Fit the association rule model on the full dataset. Use metric confidence and a minimum threshold of 0.6:
```
rules = mlxtend.frequent_patterns.association_rules(
    mod_colnames_minsupport, 
    metric="confidence",
    min_threshold=0.6, 
    support_only=False
)
rules.loc[0:6]
```
The output is as follows:
Figure 8.40: The association rules based on the complete online retail dataset
Count the number of association rules. Is the number different to that found in Exercise 45, Deriving Association Rules, Step 1?
```
print("Number of Associations: {}".format(rules.shape[0]))
```
There are 498 association rules.
Plot confidence against support:
```
rules.plot.scatter("support", "confidence", alpha=0.5, marker="*")
plt.xlabel("Support")
plt.ylabel("Confidence")
plt.title("Association Rules")
plt.show()
```
The output is as follows:
Figure 8.41: The plot of confidence against support
The plot reveals that there are some association rules featuring relatively high support and confidence values for this dataset.

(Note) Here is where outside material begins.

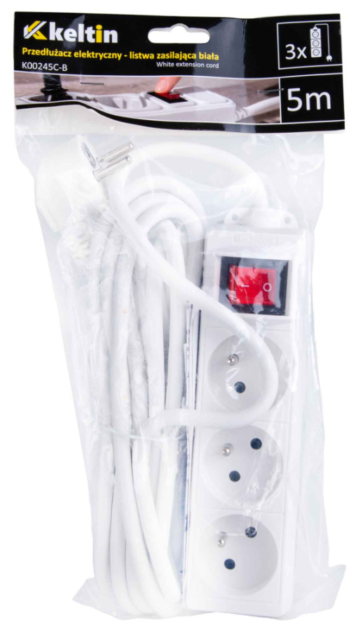 Funkčný 3-zásuvkový predlžovací kábel s uzemnením a vypínačom, ideálny pre každodenné použitie doma aj v kancelárii.

Look at the distributions of lift, leverage, and conviction:
```
rules.hist("lift", grid=False, bins=30)
plt.title("Lift")
```
The output is as follows:
Figure 8.42: The distribution of lift values
```
rules.hist("leverage", grid=False, bins=30)
plt.title("Leverage")
```
The output is as follows:
Figure 8.43: The distribution of leverage values
```
plt.hist(
    rules[numpy.isfinite(rules['conviction'])].conviction.values, 
    bins = 30
)
plt.title("Conviction")
```
The output is as follows:
Figure 8.44: The distribution of conviction values

Having derived association rules, we can return to management with additional information, the most important of which would be that there are roughly seven item sets that have reasonably high values for both support and confidence. Look at the scatterplot of confidence against support to see the seven item sets that are separated from all the others. These seven item sets also have high lift values, as can be seen in the lift histogram. It seems that we have identified some actionable association rules, rules that we can use to drive business decisions.